- Born: February 13, 1906 Pláňavy
- Died: July 8, 1977 (aged 71) Prague
- Scientific career
- Fields: Lichenology
- Author abbrev. (botany): Nádv.

= Josef Nádvorník =

Czech lichenologist

Josef Nádvorník (13 February 1906 – 8 July 1977) was a Czech lichenologist. He was an authority on lichens of the order Caliciales and, in particular, the genus Physcia.

==Biography==
Nádvorník was born in Pláňavy on 13 February 1906. After graduating from a burgher school in Hlinsko, he studied at a teacher training institute in Chrudim, from where he graduated in 1925. He started employment as a teacher in Uzhhorod (now Ukraine), working there from the period 1925–1938. With the onset of the German occupation of Czechoslovakia, he was forced to return to the Protectorate of Bohemia and Moravia from where he first started as a teacher, in Hlinsko and later in Prague.

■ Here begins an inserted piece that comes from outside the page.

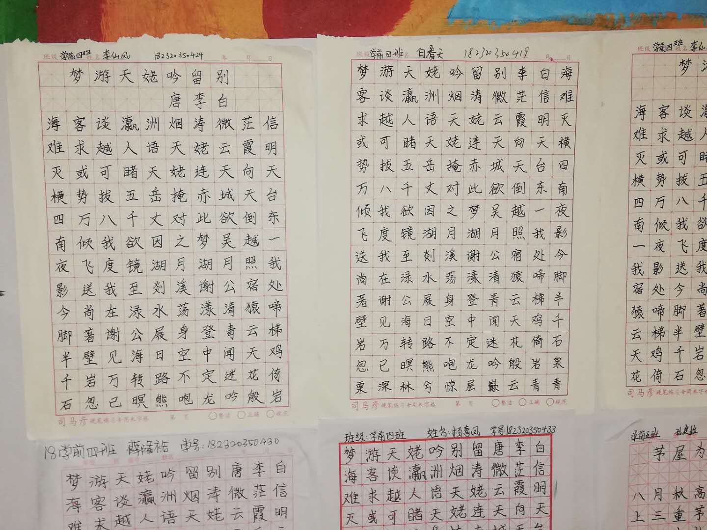 这次钢笔字、粉笔字展示活动,我们从中学到很多,也悟出很多。人无完人,人上有人,自我感觉非常好时,却发现还有更优秀的,进步更快的,这就需要见贤思齐,取人之长,争取更大进步,所以我给自己定的就是,一不自大、不自卑,二不懈怠、不放弃,三要坚持和不断超越。写字并不能一朝速成,要知道,水滴石穿,非一日之功。

With the support and encouragement of lichenologist Miroslav Servít (1886–1959), Nádvorník began collecting and studying lichens, although he did this in his spare time without support financially. In the 1940s he published two important monographs on the lichen families Caliciaceae and Physciaceae. Nádvorník's expertise was on lichens of the order Caliciales and later also on the genus Physcia. He described 5 new genera, 13 sections and 49 species.

Nádvorník was the first lichenologist to study and publish lichens from Carpathian Ruthenia. He described the difficult conditions of his lichenological research in a letter to Miroslav Servít. Floristic investigations were undertaken in the Jizera Mountains, Belianske Tatras, and Vysoké Tatry, among other locations in the former Czechoslovakia. Nádvorník published three exsiccatae (sets of dried herbarium specimens), namely "Calicieae exsiccatae", "Physciaceae exsiccati" and "Lichenes exsiccati". He collected an abundant number of specimens for his herbarium, which is now stored in the Slovak National Museum in Bratislava. His collections numbered more than 11,000 specimens. He published 29 important works, the most famous of which is the 1956 collaboration of the author trio Černohorský, Nádvorník, and Servít titled Klíčk určování lišejníků ČSR (Key to identification of lichens of Czechoslovakia). His name is honoured in several eponymous lichen species: Bryoria nadvornikiana (Gyeln.) Brodo & D.Hawksw.; Gongylia nadvornikii Servít (1932); Involucrothele nadvornikii (Servít) Servít (1954); Phaeophyscia nadvornikii (Frey & Poelt) N.S.Golubk. (1981); Polyblastia nadvornikii Servít (1937); and Thelidium nadvornikii Servít (1946). The genus Nadvornikia Tibell (1984) was also named in his honour.

Nádvorník died in Prague on 8 July 1977.

==Selected works==
- Nádvorník J. (1942): Systematische Übersicht der mitteleuropäischen Arten der Flechtenfamilie Caliciaceae. – Stud. Bot. Čechosl. 5: 6–46.
- Nádvorník J. (1947): Physciaceae Tchécoslovaques. – Studia Botanica Čechoslovaca 8(2–4): 69–124.
- Černohorský Z., Nádvorník J. & Servít M. (1956): Klíč k určování lišejníků ČSR. I. díl [Determination key to the lichens of Czechoslovakia. Vol. 1]. – Nakl. ČSAV, Prague.